И еще отметил: неплохие иконки на той божнице столпились, есть весьма стоящие. И прежде всего — старенькая с Борисом-Глебом, а также очень красивый, молодого, но тонкого, яркого письма Александр Невский, портрет средневекового князя, так сказать, одного из первых русских офицеров — в кольчуге, русых кудрях и со взглядом, сверкающим отвагой и праведным гневом.

Парамоша как-то машинально обернул Невского вышитым полотенцем, запихал доску под ремень, в штаны.

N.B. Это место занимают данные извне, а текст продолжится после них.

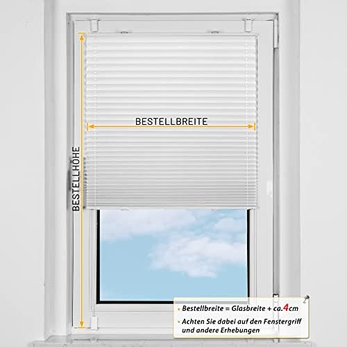 Um sicherzustellen, dass Ihr Plisseerollo perfekt passt, beachten Sie bitte unsere Hinweise zur Größenbestellung: Die Bestellbreite sollte der Glasbreite plus 2-4 cm entsprechen. Die Bestellhöhe ist die Höhe des gesamten Fensterrahmens. Beispiel: Bei einer Glasbreite von 81 cm könnte die Bestellung 85 cm (81+2+2) betragen. Vergessen Sie dabei nicht, Fenstergriffe oder andere überstehende Beschläge bei der Breitenwahl zu berücksichtigen.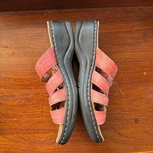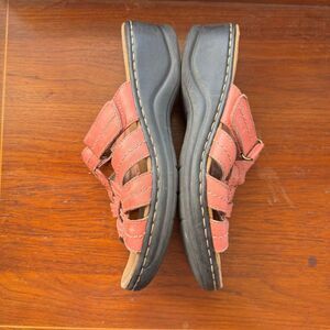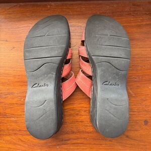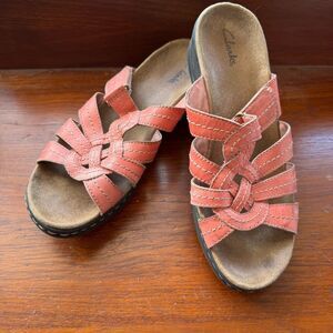 Clarks Women's Pink Coral Wedge Leather Sandals 9.5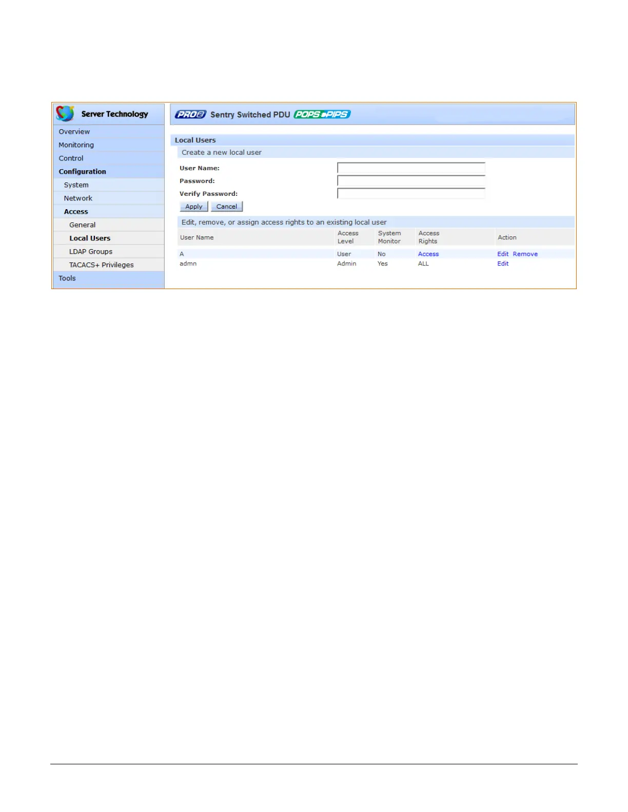 1. For the user name displayed in the list, click the Access link. The Local User Access page displays to allow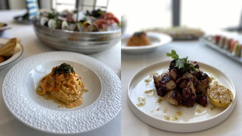主打「分享共食」用餐方式,每道菜色皆適合2~4人享用,有使用各種生魚片製成的「彩虹捲」、經低溫舒肥處理的碳烤章魚、敲開鹽焗保留最真實海味的「鹽焗魚」,以及加入北海道海膽、飛魚卵拌炒的「海膽義大利細扁麵」。另外也效仿Smith & Wollensky招牌巧克力蛋糕,端出網美系甜點「巨大藍絲絨蛋糕」,由梔子花、藍莓提煉,並加入濃郁奶油乳酪醬,讓蛋糕呈現出結合海洋與天空的絕美模樣。
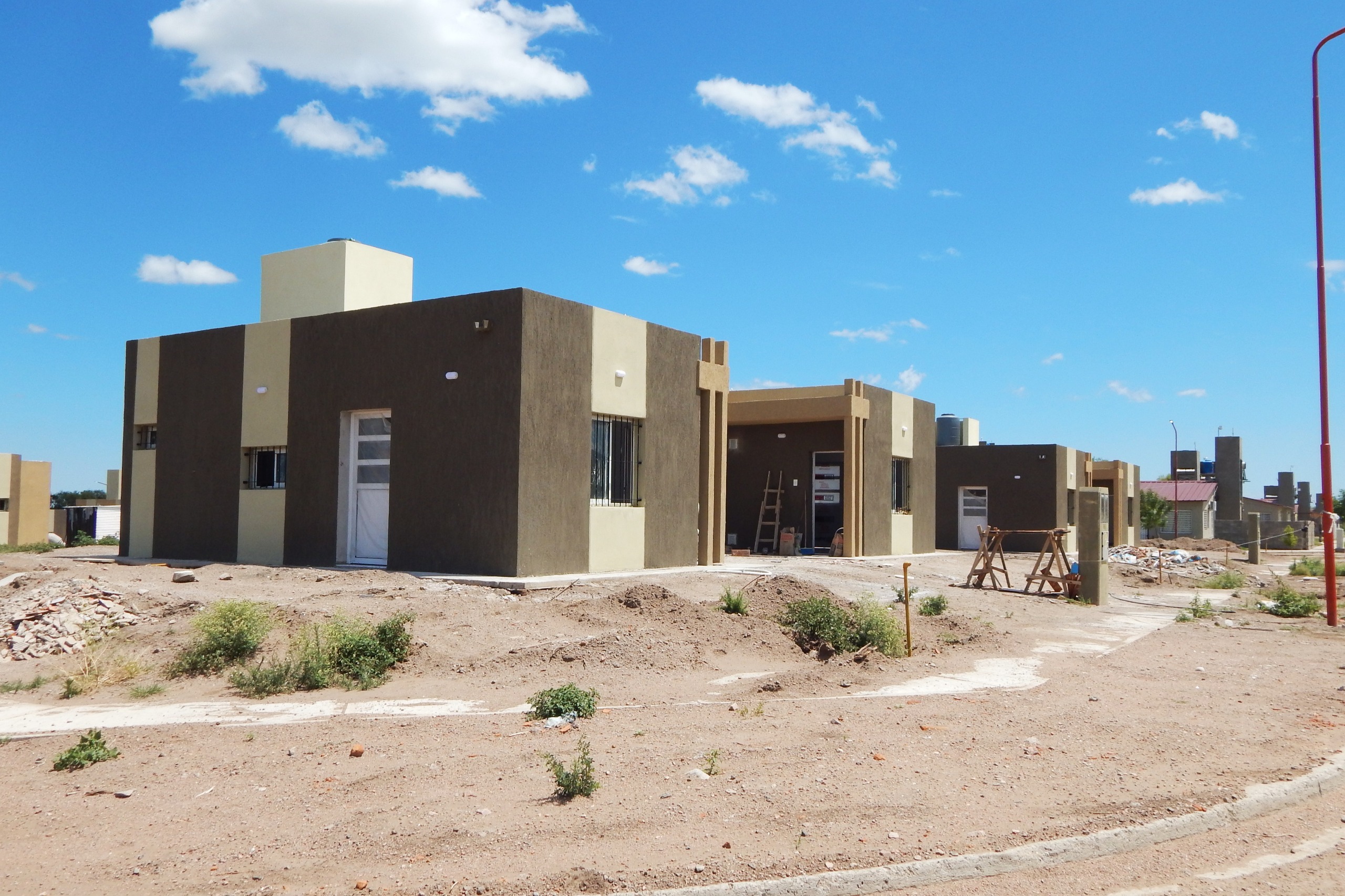 La dirección de Obras de Arquitectura y Viviendas detalló que las unidades corresponden a la terminalidad de los planes ‘Progreso’ y ‘Sueños’, y que presentan un alto grado de avance: las estructuras principales, techos y muros ya están concluidos, con revoques y pintura exterior aplicados en tonos beige y marrón.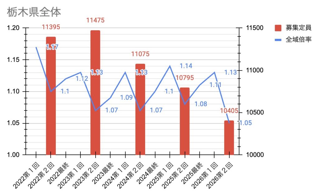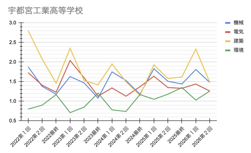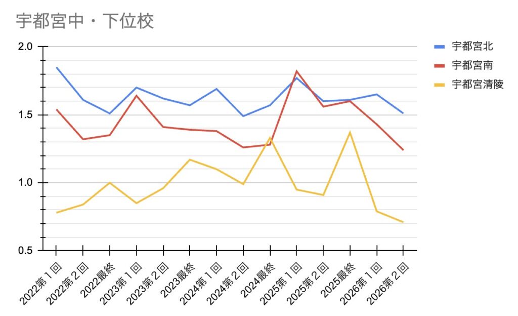 - 宇都宮北高等学校:倍率1.51(過去4年間の最終倍率の平均1.57)

Маленькая, поеденная жучком-точильщиком, двухсотлетняя "борисоглебская» беспрепятственно поместилась во внутреннем кармане Парамошиной курточки.

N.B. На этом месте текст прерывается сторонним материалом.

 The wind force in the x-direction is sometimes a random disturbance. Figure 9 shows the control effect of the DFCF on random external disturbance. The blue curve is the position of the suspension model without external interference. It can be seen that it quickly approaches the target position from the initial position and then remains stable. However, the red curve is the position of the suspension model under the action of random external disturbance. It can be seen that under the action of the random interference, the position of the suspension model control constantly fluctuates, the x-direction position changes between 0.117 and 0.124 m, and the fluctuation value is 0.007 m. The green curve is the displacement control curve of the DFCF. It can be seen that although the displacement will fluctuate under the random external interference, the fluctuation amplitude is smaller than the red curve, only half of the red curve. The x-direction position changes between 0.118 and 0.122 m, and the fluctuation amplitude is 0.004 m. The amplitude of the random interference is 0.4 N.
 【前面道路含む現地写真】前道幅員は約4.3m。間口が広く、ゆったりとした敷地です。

В сундуке, что стоял возле кровати, в ногах у покойницы, Парамоша отыскал изъеденный молью коричневый шевиотовый костюм, вероятно, еще мужний, довоенный. Брючата оказались целей пиджака, и Парамоша решил их пододеть под холодные джинсы — как-никак, зима у порога. В кармане пиджака обнаружилась пачка дешевых довоенных папирос «Красная звезда», на упаковке изображен мотоциклист на мотоцикле с коляской и фоном — большая красная звезда. Папиросная бумага на гильзах частично пожелтела, табак усох, вытрусился, и все же несколько штук цельных папирос в пачке имелось, и Васенька осторожно, с невольным благоговением закурил довоенный ослабевший табачок, вдыхая дым, как само время.

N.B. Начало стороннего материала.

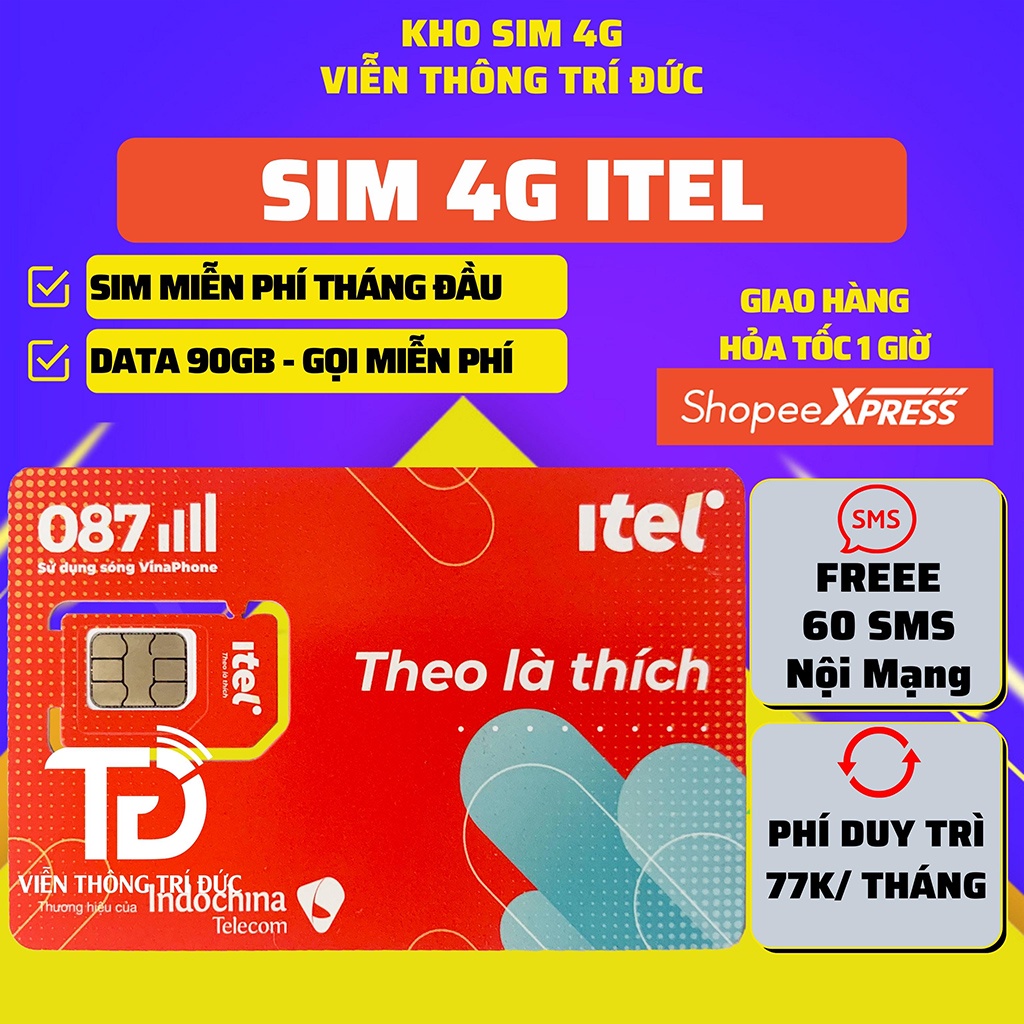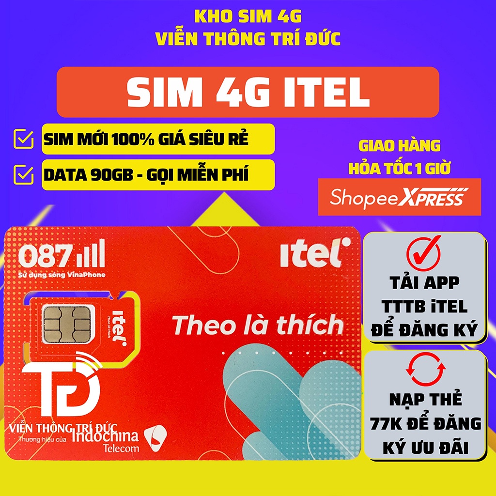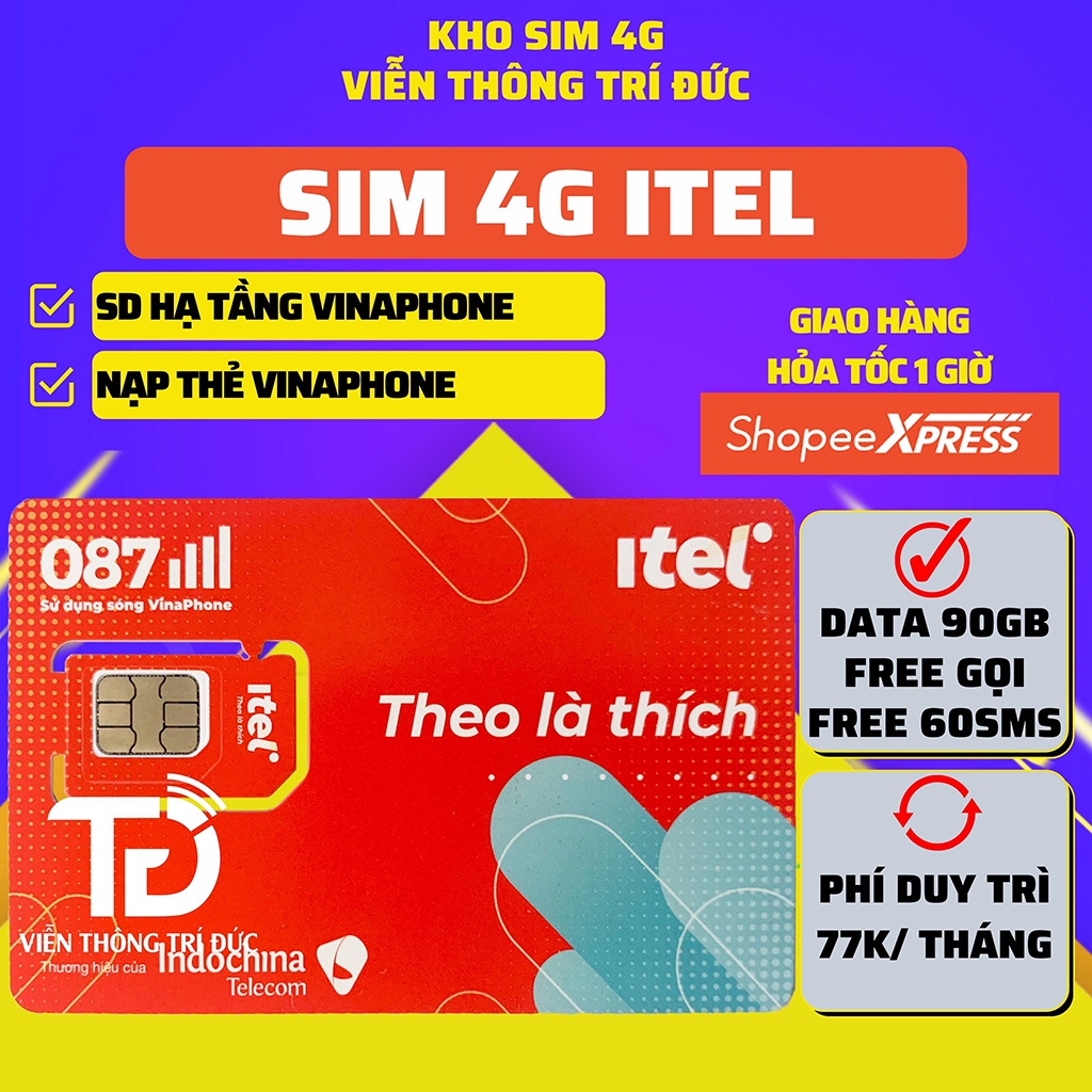 Sim 4G iTel MAY77 Mạng Vinaphone Data 90Gb/Tháng, Gọi Miễn Phí VinaPhone, Free 60 SMS, Sim 4G Phát Wifi Giá Rẻ👉 VIỄN THÔNG TRÍ ĐỨC LÀ ĐẠI LÝ PHÂN PHỐI SIM CỦA CÁC NHÀ MẠNG VIETTEL - VINAPHONE - ITEL - VIETNAMOBILE - MOBIFONE VỚI PHƯƠNG CHÂM UY TÍN LÀM NÊN THƯƠNG HIỆU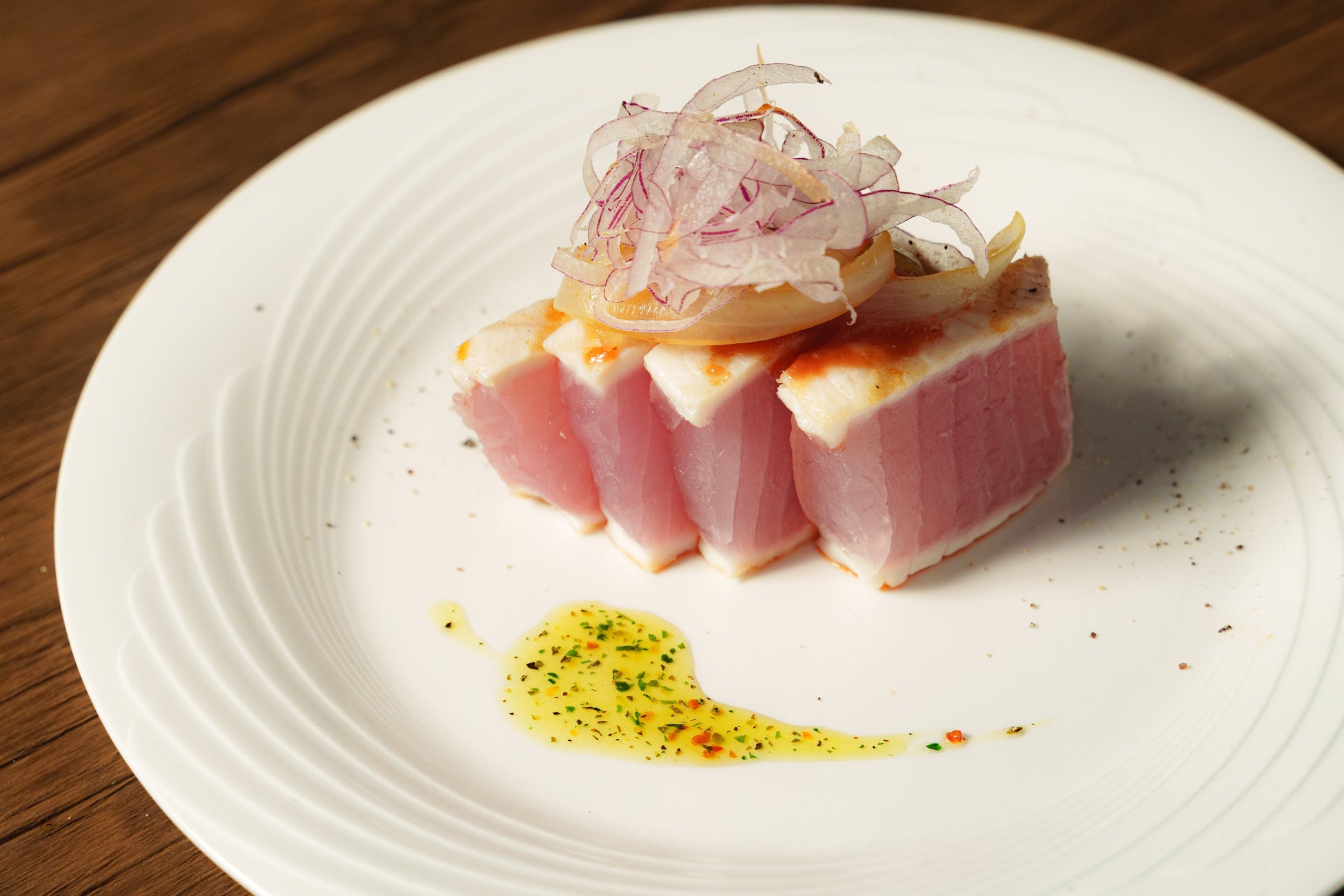 ・宮古島産シビマグロのレアソテー スモークアラビアータソース

Еще из сундучного скарба сгодились на Васеньку теплые, грубой, крестьянской вязки мужские носки («в тяжелых сапогах далеко не уйдешь, а в кедах с такими носочками в самый раз»). Однако более всего порадовал Парамошу такой же, как и носки, надежный свитерок, этакая кольчуга шерстяная — скорее всего, связанная Олимпиадой уже после войны для сына Пашеньки и возвращенная из отдаленных мест после гибели сына по акту списания. Еще раньше, находясь после избиения на печке, заприметил Парамоша свалявшийся заячий треушок, тот самый, в котором, должно быть, Олимпиада Ивановна своего мужа во сне видела. Треушок весь облез, высох, заскоруз, и все же это был головной убор, и Парамоша водрузил его на свою невеселую голову.

Облачившись в теплое, туго зашнуровав кеды (ногам в носках было не просто тепло, но жарко, будто в валенках), Парамоша почувствовал себя готовым к дальней дороге.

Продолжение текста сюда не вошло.